[THE PROBLEM] Print, exactly as they stand, the lines below from the one that has "pantalon façon jogg" to the one that has "Anderer Ort, andere", inclusive, leaving out the pictures.

[EXERCISE DATA]
□ □ □ □

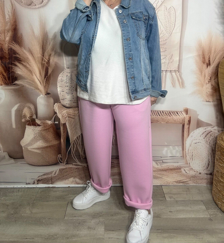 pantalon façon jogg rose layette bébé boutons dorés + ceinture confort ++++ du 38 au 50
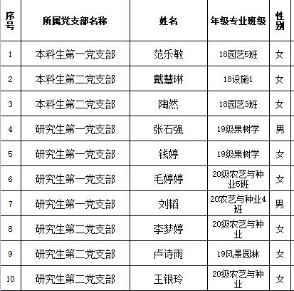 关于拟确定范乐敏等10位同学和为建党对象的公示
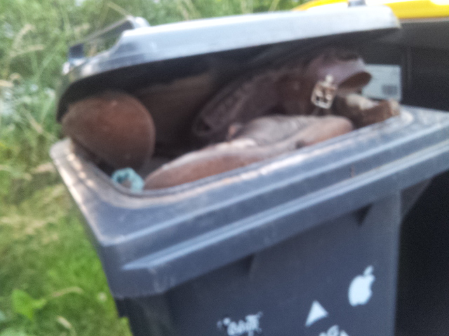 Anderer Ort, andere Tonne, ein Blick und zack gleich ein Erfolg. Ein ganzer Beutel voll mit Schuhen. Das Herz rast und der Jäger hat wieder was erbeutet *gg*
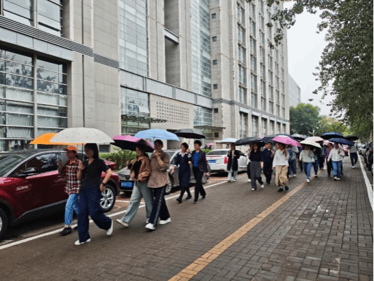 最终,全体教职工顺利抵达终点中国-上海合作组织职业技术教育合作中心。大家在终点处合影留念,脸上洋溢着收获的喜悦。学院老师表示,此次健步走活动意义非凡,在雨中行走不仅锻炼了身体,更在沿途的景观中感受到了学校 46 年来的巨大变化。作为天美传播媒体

□ □ □ □

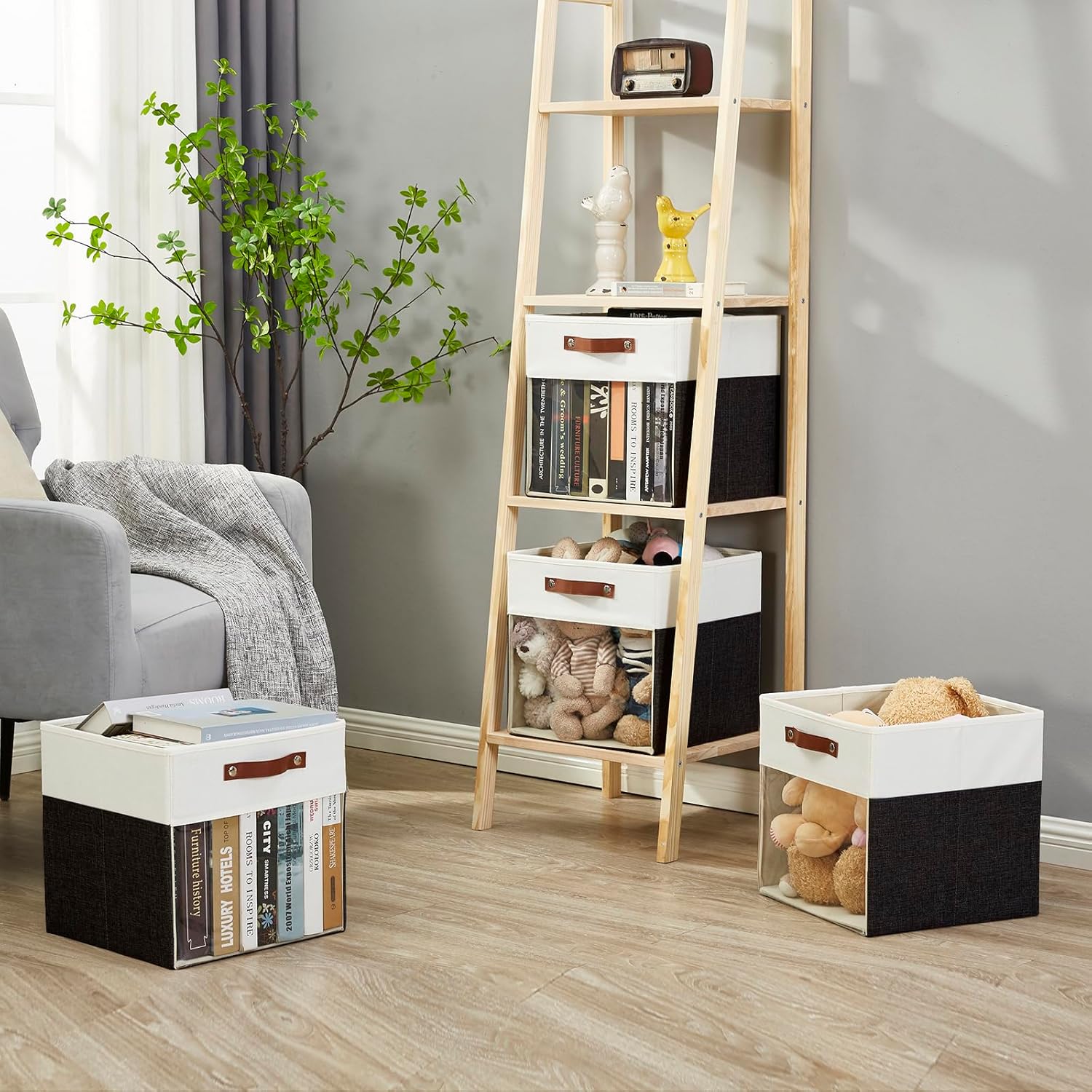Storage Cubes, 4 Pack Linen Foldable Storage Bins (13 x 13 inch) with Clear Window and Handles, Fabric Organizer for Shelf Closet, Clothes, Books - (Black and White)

□ □ □ □

[EXERCISE SOLUTION]
 pantalon façon jogg rose layette bébé boutons dorés + ceinture confort ++++ du 38 au 50
 关于拟确定范乐敏等10位同学和为建党对象的公示
 Anderer Ort, andere Tonne, ein Blick und zack gleich ein Erfolg. Ein ganzer Beutel voll mit Schuhen. Das Herz rast und der Jäger hat wieder was erbeutet *gg*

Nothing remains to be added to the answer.